The Asrock Rack EPYC3251D4I-2T
The motherboard I ended up going with was the X570D4I-2T from Asrock Rack. This also a Mini-ITX motherboard sharing many of the features found on the EPYC3251D4I-2T, but features the AMD X570 chipset and the AM4 socket. Since the board did not come with an on-board CPU, did make it considerably cheaper at $779.00 AUD and does give you the option to change the CPU as the need arises. But this meant that a CPU and required cooler had to be sourced separately. The board did have some quirks that the board used SO-DIMM slots for the memory and required the use of Intel LGA115x type cooler instead of the usual AM4 type cooler for the CPU. The motherboard also featured a pre-glued CPU cooler bracket on the bottom of the board which influenced the choice of CPU cooler. Like the EPYC3251D4I-2T, the board did feature a single nNVME slot but the board utilised two OcuLink connectors that where able to provide upto eight SATA ports, though this did require the use of OcuLInk to SATA adapter cables, of which one was provided with the board. As the original board choice necessitated the use of a storage controller and the fact the OcuLink to SATA cables were extremely hard to find in Australia, the original plan of using a storage controller card was retained.
Asrock Rack X570D4I-2T
I did a video going over the board here - Project Clio: Ep2 The Mainboard
The CPU
The CPU architecture you use will ultimately come down to what your personal preference is or even to what you have on hand. If you are building a NAS for just storage purposes, then any low-power or the low-end CPU from Intel or AMD, even embedded CPU options, will suffice for your needs. Wanting to host guest operating systems using virtualisation, then a CPU with the most cores/threads you that you can afford can be beneficial. High clock speeds are only really necessary if you want to do video trans-coding without using GPU acceleration. My original choice of CPU was AMD Embedded Epyc 3251, which is the CPU equipping the Asrock Rack EPYC3251D4I-2T motherboard. This is a low-power 8 core CPU that would enough processing power to do what I wanted at the time. But as this board was out of stock when I was ready to purchase, and at the time of writing was still out of stock, I had change my motherboard selection which also changed the CPU choice at the same time.

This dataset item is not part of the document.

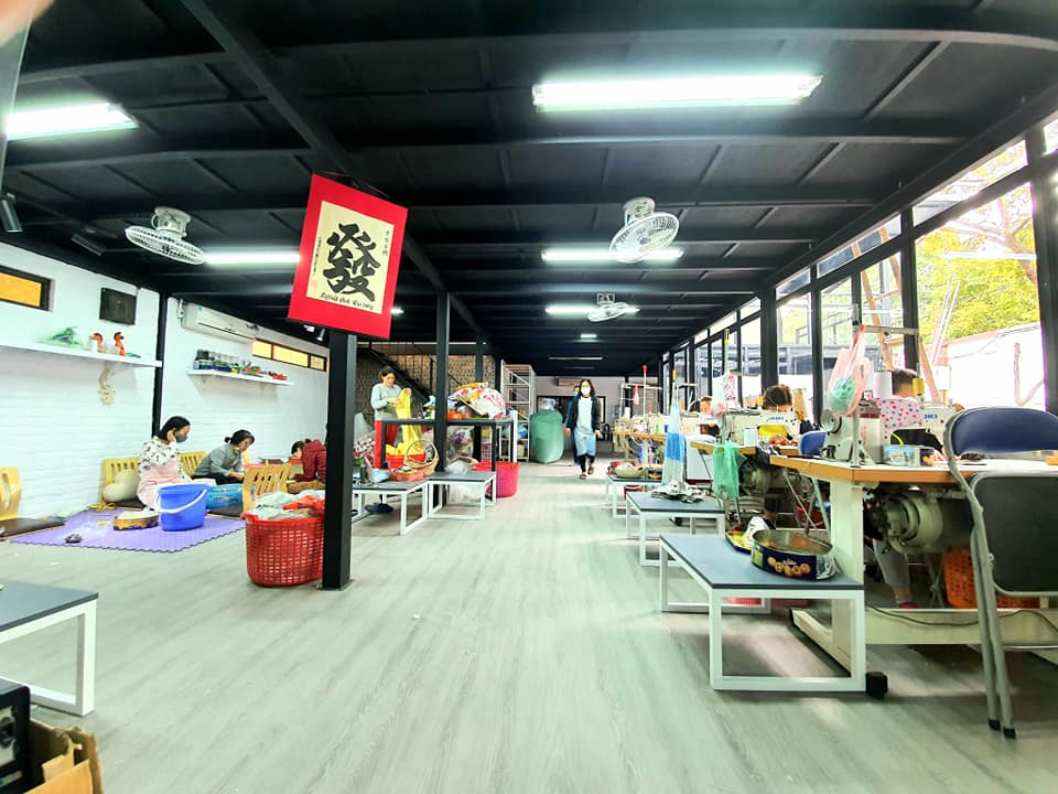 Một điểm đặc biệt nữa ở tổ hợp KymViet Space là trên những bức tường, chiếc bàn, kệ tủ đều trưng bày các sản phẩm thủ công như túi xách, thú nhồi bông với màu sắc đa dạng, đường nét tinh xảo. Trên mỗi sản phẩm có mùi thơm của tinh dầu và chúng chính là thành phẩm của những nhân viên ở đây.

The CPU I ended up going with was the AMD Ryzen 5 3600, which came from my desktop machine. I decided to upgrade the CPU in my desktop to the AMD Ryzen 5 5600X and reuse the AMD Ryzen 5 3600 in the NAS project. This CPU is more than powerful enough for the purposes of the NAS, with it's six cores and twelve threads, with more enough head room to enable me to host other services in the future. Plus the CPU was also equiped with virtualisation features that I can use down the track.
AMD Ryzen 5 3600 AM4 CPU
Due to the motherboard requiring we use a Intel LGA115x type cooler and the fact the case, due to the drive enclosure, had a CPU cooler height limitation of 68mm, meant we could not use the original AM4 CPU cooler that came with the Ryzen 5 3600. Finding a CPU cooler that only had to conform to the 68mm height restriction, but also had to use the existing CPU bracket on the motherboard was easlier said than done. Eventually I settled on the Thermaltake Engine 27 which met the requirements and under most load situations, was able to keep the CPU temps under control.
ThermalTake Engine 27 CPU Cooler
This was later swapped out for a SilverStone AR09-115XS CPU Cooler which not only had slightly better performance, I was able to have the CPU cooler airflow follow the direction of the airflow within the case. The fan on the CPU cooler was also upgraded to the Noctua 60mm NF-A6x25 PWM in order to reduce noise.
SilverStone AR09-115XS CPU Cooler
Memory
The choice of motherboard and CPU will dictate your choice of memory. The high performance memory target for use gamers tend to exceed the requirements of NAS users and more budget orientated memory module would be beneficial. More budget orientated module than not to have heatsinks, operate at more mid-range speeds and lack any form of LED lighting. But a lower point, can be good value for money as memory capacity name of the game. I would recommend the largest memory capacity modules you can afford but anything more than 8GB of memory would suffice for light duty NAS use.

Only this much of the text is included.